Breaking the Health Insurance Portability and Accountability Act (HIPAA) rules can result in civil and criminal penalties. The penalties depend on the nature of the violation, the level of culpability, the harm caused, and the efforts made to mitigate the breach.

Civil Penalties

The civil penalties for HIPAA violations are managed by the Department of Health and Human Services (HHS) Office of Civil Rights (OCR) and are imposed on covered entities or business associates.
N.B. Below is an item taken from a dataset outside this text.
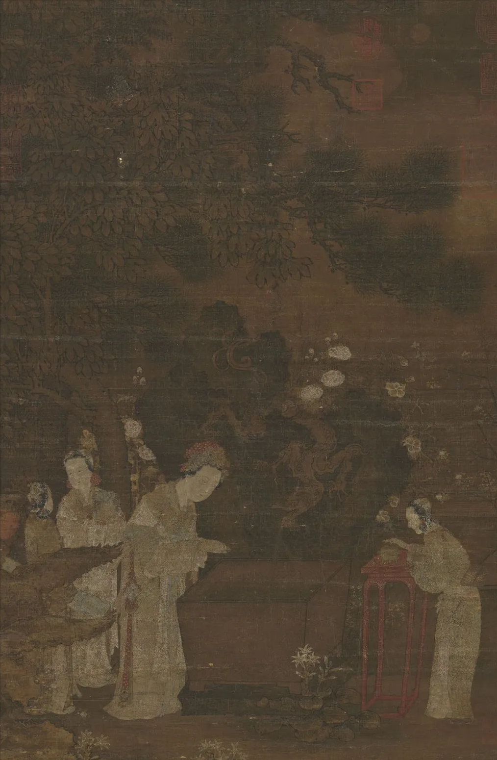 明·文徵明《中庭步月图》,南京博物院藏。在中国传统绘画中,以文人月夜访谈为主题的创作并不少见,此图为代表作品之一。画面表现了画家与来客小醉后于秋天庭院中赏月话旧的雅会,寂静而明亮的月光,携无限情思,于画面之上浮现,并赋予中国画以新的图像内涵——与现实生活很近的亲切和悠闲。这也反映了当时士人高雅的生活情调,具有广泛的代表性。明中晚期,苏州地区发达的经济、市民阶层的兴起、相对宽松的社会氛围,让文士的生活愈加清雅而闲适,园林、家居等意象成为此时文人画自觉表现的主题。
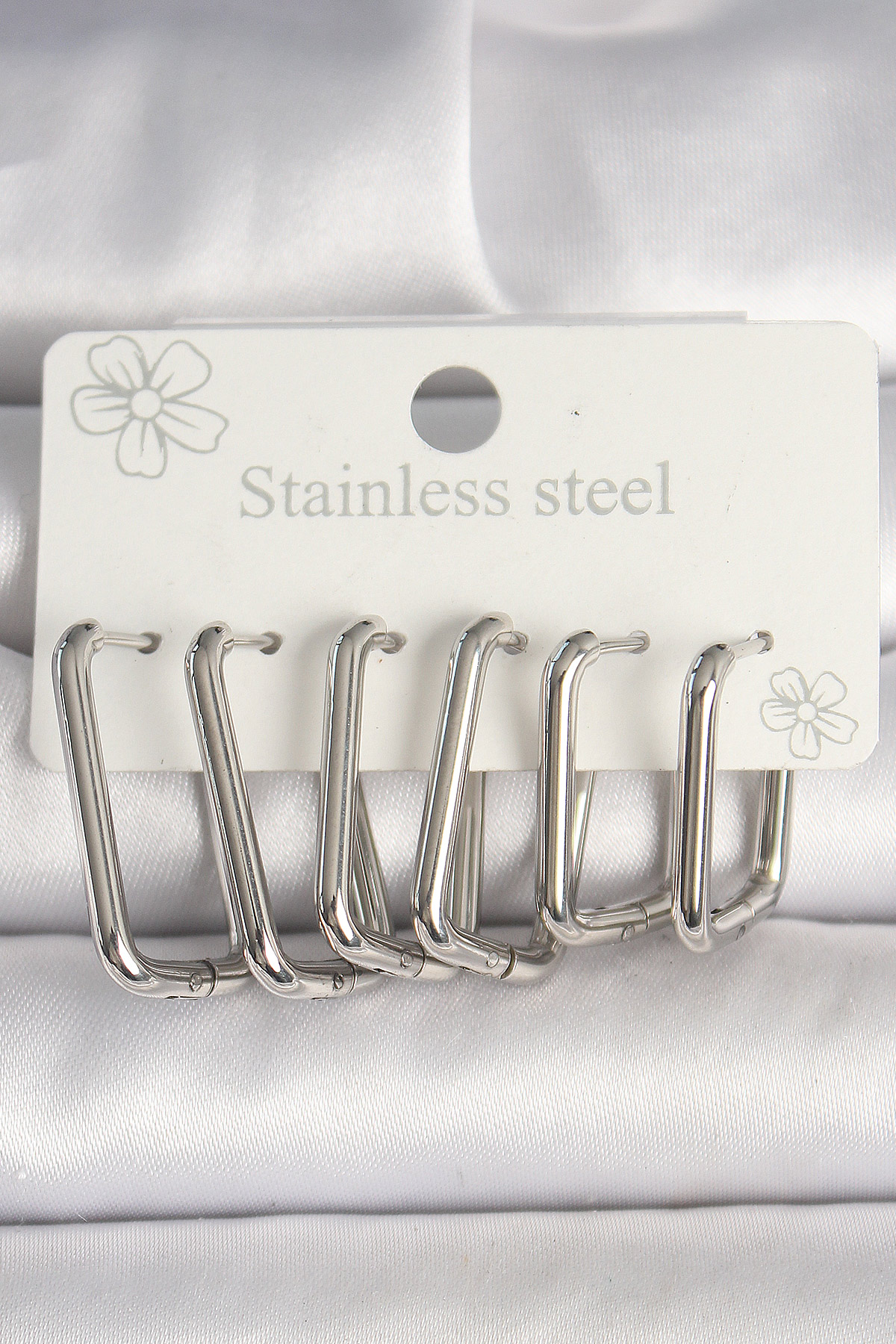 316L Çelik Gümüş Renk Kare Model Kadın Küpe Seti BKP10353

Civil penalties can start from $100 per violation and go up to $2,067,813 when the violation is due to willful neglect and not corrected within 30 days. The OCR follows a tiered penalty structure with four tiers:

• Unaware of the violation and could not have known about it even with due diligence: $100 - $50,000 per violation, with an annual maximum of $25,000 for repeat violations.
• Should have known about the violation with reasonable diligence: $1,000 - $50,000 per violation, with an annual maximum of $100,000 for repeat violations.
• Willful neglect but corrected within 30 days: $10,000 - $50,000 per violation, with an annual maximum of $250,000 for repeat violations.
• Willful neglect and not corrected within 30 days: $50,000 per violation, with an annual maximum of $1.5 million.

Criminal Penalties

Criminal penalties for HIPAA violations are handled by the Department of Justice (DOJ) and can result in fines, imprisonment, or both. There are three tiers of criminal penalties:

• Wrongful disclosure of PHI: Up to $50,000 in fines and up to one year in prison.
• Wrongful disclosure of PHI under false pretenses: Up to $100,000 in fines and up to five years in prison.
• Wrongful disclosure of PHI under false pretenses with malicious intent: Up to $250,000 in fines and up to 10 years in prison.

Who enforces HIPAA

The Health Insurance Portability and Accountability Act (HIPAA) is enforced by a variety of federal and state agencies, depending on the specific area of HIPAA being enforced. The primary enforcer of HIPAA compliance is the Department of Health and Human Services (HHS)' Office for Civil Rights (OCR). The OCR is responsible for enforcing the HIPAA Privacy and Security Rules, which form the foundation of healthcare privacy in the United States. Operating as an investigator, inspector, and educator, the OCR ensures that healthcare entities comply with HIPAA regulations.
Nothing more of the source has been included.